Chris and I met up in the foyer at our agreed time and returned to the land cruiser, then drove over to the Action Peninsula where the National Museum is situated. There we sat beside the lake, watching a small paddle steamer chug up and down the lake while we dined on our sandwiches and the delicacy picked up at the bakery in Dickson. We have been negligent in avoiding bakeries so I have instead reduced our sandwich intake.

The National Museum labels itself as representing “Land, Nation, People”; a social history museum of Australia. We took advantage of the introductory film experience, a small revolving theatre giving an over view of Australia’s history using a wealth of photos dragged up from the archives.

The first gallery within the museum is one that tells of unwelcome immigrants; prickly pears, foxes, rabbits and some more welcome but at odds with the indigenous flora and fauna, and all with the very best intentions. For the pleasure and delight of the new white immigrants, 100,000 salmon and 1,000 European brown trout eggs were imported and released into rivers in Victoria and Tasmania. Honey bees and blackbirds were introduced to make everyone feel more at home. Buffaloes were introduced from Timor in 1824 and 1827 for meat and by 1874 there were 20,000 buffalo on the Coburg Peninsula alone. (Note that this peninsula is 350 kilometres east of Darwin). Camels came to assist with transport in desert conditions and they and horses went feral as have dozens of other species.

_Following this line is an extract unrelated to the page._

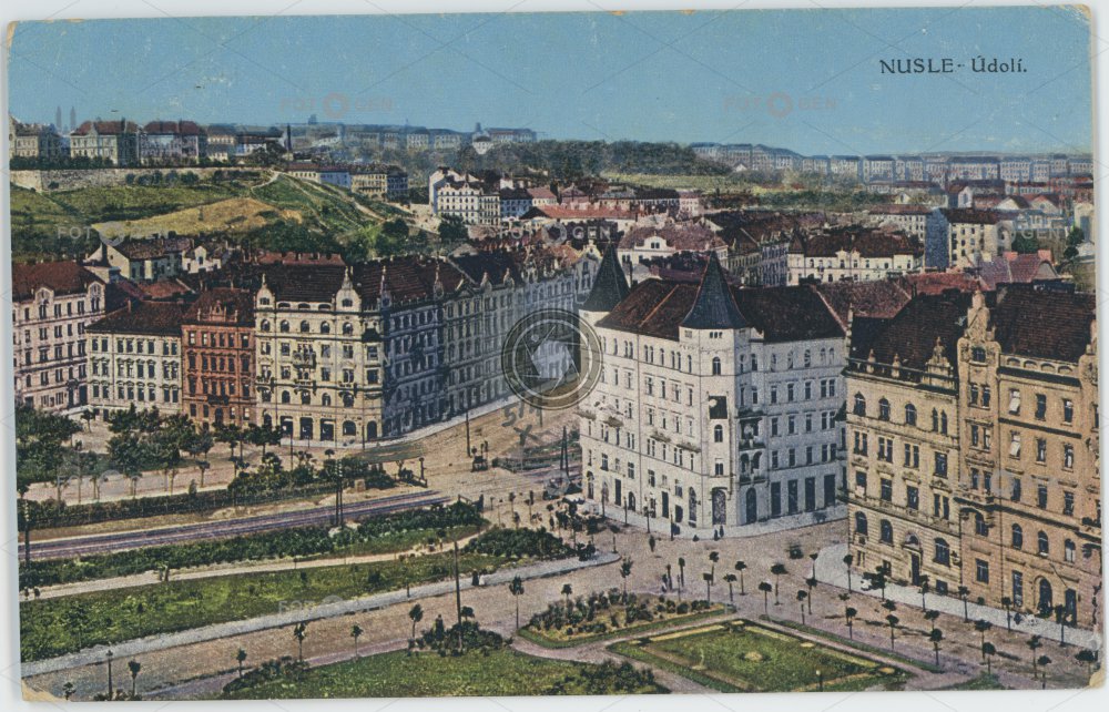 barevná celkový pohled colored hotel Union Jaromírova kolorovaná místopis Nusle Ostrčilovo panorama Prague Praha Praha 4 Přemyslovo railway track square street topography trať

Further through the gallery there was a section on agricultural development; how both grains and wool have been modified over the centuries to produce strains that prosper in Australia’s unique climate.

Close by there was a large section of fire, spelling out the horror and the practical applications of this natural phenomin. Here was an opportunity to detail statistics of loss in Great Fires marked down in history, and more specifically the fires in January 2003 which swept through Canberra with the loss of four lives and over 500 residential properties.

Beyond this section we came upon a huge area about people, some famous and some just average people who had left a mark in a small way. One of the more famous was Charles Sturt who has popped up all alone our way. On one of his trips into the interior of this land he set off well equipped complete with “15 men, 4 drays, 1 light cart, 11 horses, 6 dogs, 30 bullocks, 200 sheep and a whaleboat”. Needless to say the whaleboat proved to be superfluous to requirements.

Here too was mention of the people from Suawesi in Indonesi, the Makassans, who visited the northern coast of Australia for four months or so every year to harvest trepang, or sea cucumbers or as I knew them from Vanuatu, beche de mer. This went on from at least as far back as 1720 through to 1907. Now I would have thought that nearly two hundred years of contact from people who in turn traded with the Chinese who had a very advanced civilisation, would have changed the culture of the aboriginals very significantly. While the exhibition in the museum and Wikipedia says that “these visits had a profound impact on the Aboriginals of northern Australia – in language, art, economy and even genetics”, I would say I have yet to learn myself that this is true. But then, I have yet been to visit the north west of this country, so what would I know. I look forward to being amazed!